Given entries —
___
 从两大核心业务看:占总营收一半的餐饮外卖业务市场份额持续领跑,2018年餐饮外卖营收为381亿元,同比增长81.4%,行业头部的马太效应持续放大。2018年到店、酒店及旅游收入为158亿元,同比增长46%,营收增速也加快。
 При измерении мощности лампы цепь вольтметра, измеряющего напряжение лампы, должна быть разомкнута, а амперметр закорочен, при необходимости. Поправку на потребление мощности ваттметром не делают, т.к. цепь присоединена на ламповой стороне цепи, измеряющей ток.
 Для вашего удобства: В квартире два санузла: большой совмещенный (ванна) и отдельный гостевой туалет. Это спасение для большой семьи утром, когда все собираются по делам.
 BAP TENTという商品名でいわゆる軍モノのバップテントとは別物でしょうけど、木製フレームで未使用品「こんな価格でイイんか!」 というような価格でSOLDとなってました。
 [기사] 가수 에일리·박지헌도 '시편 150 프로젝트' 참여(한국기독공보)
___
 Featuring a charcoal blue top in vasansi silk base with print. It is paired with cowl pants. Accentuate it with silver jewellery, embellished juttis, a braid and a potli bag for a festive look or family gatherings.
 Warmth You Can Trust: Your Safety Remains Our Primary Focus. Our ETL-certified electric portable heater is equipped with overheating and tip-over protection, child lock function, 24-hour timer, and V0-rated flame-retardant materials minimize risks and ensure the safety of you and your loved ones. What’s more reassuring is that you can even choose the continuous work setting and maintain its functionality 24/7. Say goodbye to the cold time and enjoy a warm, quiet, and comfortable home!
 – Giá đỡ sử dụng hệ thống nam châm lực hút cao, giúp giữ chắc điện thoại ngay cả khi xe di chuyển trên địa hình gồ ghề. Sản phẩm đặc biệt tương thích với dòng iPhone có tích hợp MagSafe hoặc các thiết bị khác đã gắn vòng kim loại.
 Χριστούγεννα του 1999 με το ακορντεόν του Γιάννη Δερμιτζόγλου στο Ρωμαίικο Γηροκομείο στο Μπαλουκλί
___
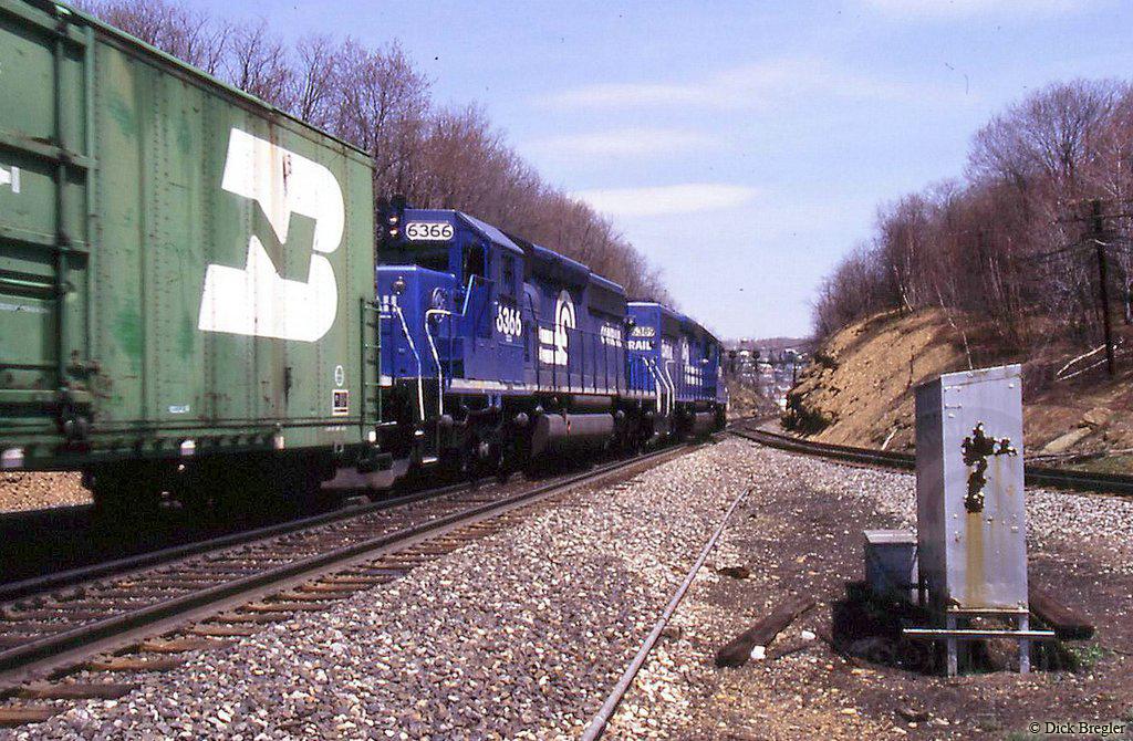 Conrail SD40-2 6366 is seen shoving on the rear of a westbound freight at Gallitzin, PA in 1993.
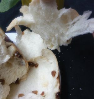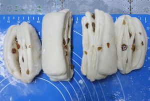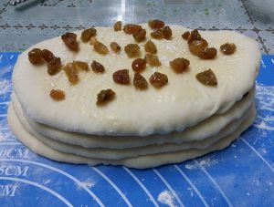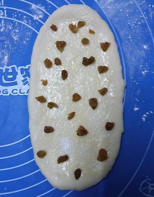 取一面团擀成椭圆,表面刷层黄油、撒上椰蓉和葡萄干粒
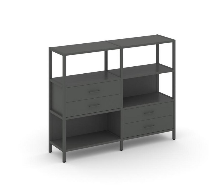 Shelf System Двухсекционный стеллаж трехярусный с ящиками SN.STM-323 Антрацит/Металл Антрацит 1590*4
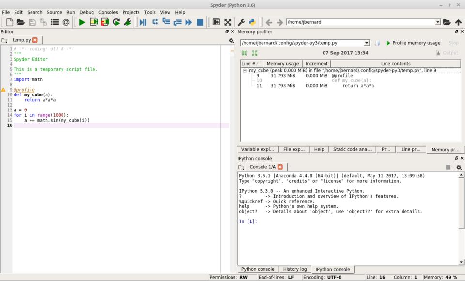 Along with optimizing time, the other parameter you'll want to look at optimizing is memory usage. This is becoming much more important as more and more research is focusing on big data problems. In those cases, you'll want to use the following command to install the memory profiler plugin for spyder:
___
The task —
Retype word for word everything in the listing above from the line that holds "从两大核心业务看:占总营收一" down to the line that holds "[기사] 가수 에일리·박지헌도 '시편 150 프로젝트' 참여(한국기독공보)". Keep both end lines and leave out the rest.

Exercise solution —
 从两大核心业务看:占总营收一半的餐饮外卖业务市场份额持续领跑,2018年餐饮外卖营收为381亿元,同比增长81.4%,行业头部的马太效应持续放大。2018年到店、酒店及旅游收入为158亿元,同比增长46%,营收增速也加快。
 При измерении мощности лампы цепь вольтметра, измеряющего напряжение лампы, должна быть разомкнута, а амперметр закорочен, при необходимости. Поправку на потребление мощности ваттметром не делают, т.к. цепь присоединена на ламповой стороне цепи, измеряющей ток.
 Для вашего удобства: В квартире два санузла: большой совмещенный (ванна) и отдельный гостевой туалет. Это спасение для большой семьи утром, когда все собираются по делам.
 BAP TENTという商品名でいわゆる軍モノのバップテントとは別物でしょうけど、木製フレームで未使用品「こんな価格でイイんか!」 というような価格でSOLDとなってました。
 [기사] 가수 에일리·박지헌도 '시편 150 프로젝트' 참여(한국기독공보)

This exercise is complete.